I have posted requests for one or two fisherman to share expenses in the recent past. I replied to several responses and have yet to find anyone who CAN/WILL ACTUALLY go fishing. I'm retired and can go anytime. In fact I,m going this Thursday. I go out through the Pensacola Pass and like to go out around 10 miles max. I go for 4 to six hours depending on the fishing. Diesel split two ways is around $50.00. I have a 35' fishing boat, comfortable and in excellent condition with twin diesels. Want to share fuel, bait, etc. Serious respondents only. Richard (901) 494-1075


----------



## RBKBillings

I replaced it with a brand new Furuno depth/fishfinder. I am probably going out tomorrow (Thursday) morning. I have two other who want to go but they are coming from Mobile. Do you know a couple of local fishermen that might be able to go?


----------



## CurDog

Dang, that's cheaper than a charter boat. Some people don't understand the costs associated with a boat especially a 35'er. 
I know twins like fuel, 2 months ago we ran a 43'er w/twin diesels from PC to P'cola, refueled at MarineMax, fuel cost was $1,400. Not positive if we left out on topped out full tanks, but they were near full on our departure. So at only $50/person, that's Cheap. 
With a 35' Bertram, I'd be looking for a crew for a future overnite weekend trip (Fri-Sun). But not this weekend because of the impending hurricane. g/l on the crew, if I didn't have a boat I'd be jumping all over this trip. :thumbsup:


----------



## RBKBillings

I don't know where you got $50 per person. It's more like $80 to $100 per person to go around 15 miles out from the pass. I only go for day trips. 6 to 8 hours.


----------



## Reelbait

Couldn't agree more. Making it a trolling trip to the Edge for 12-16 hours and easily double that. There's also, bait, ice, tackle, boat prep time, boat and gear cleanup time. 
EJ
38' Betram w/ CAT 3208TAs


----------



## CurDog

RBKBillings said:


> I don't know where you got $50 per person. It's more like $80 to $100 per person to go around 15 miles out from the pass. I only go for day trips. 6 to 8 hours.

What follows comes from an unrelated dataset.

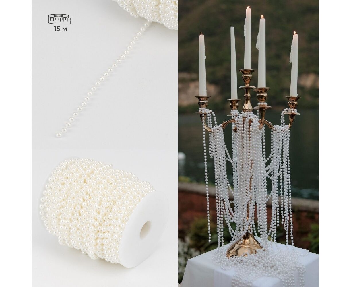 Декоративная гирлянда из жемчужин — стильный элемент для праздничного оформления и интерьерного декора. Она идеально подходит для украшения свадьбы, дня рождения, фотозоны, праздничного стола или витрины. Гирлянда легко режется на отрезки нужной длины и гармонично сочетается с цветочными композициями, свечами, текстилем и другими элементами декора. Это универсальное решение, которое добавляет утончённости любому празднику или интерьеру.

It always helps a bit IF you read All the posts. Read Post #4, plain as day, around $50. :yes:


----------



## GLW

Lots of people want a free ride in life. A few years back I owned a condo at Copper Mountain in Colorado. It was on the 10th hole, and backed up to the ski mountain. Many coworkers and neighbors wanted to use it for free; guess they were forgetting about insurance, maintenance, and HOA fees. :thumbdown:


----------



## captfredscharters

*Great trip with Richard*

Had a great trip on Richards' Bertram last Thursday. We found the Mingos a couple of miles southeast the Russian Freighter, shared cost $40/person


----------



## Wolfithius

I will call you to see about fishing next week. I am retired too, living in Niceville. If it works out, I'd be interested in Friday, Sept. 13. Son is in college at UWF and does not have any classes on Friday.


----------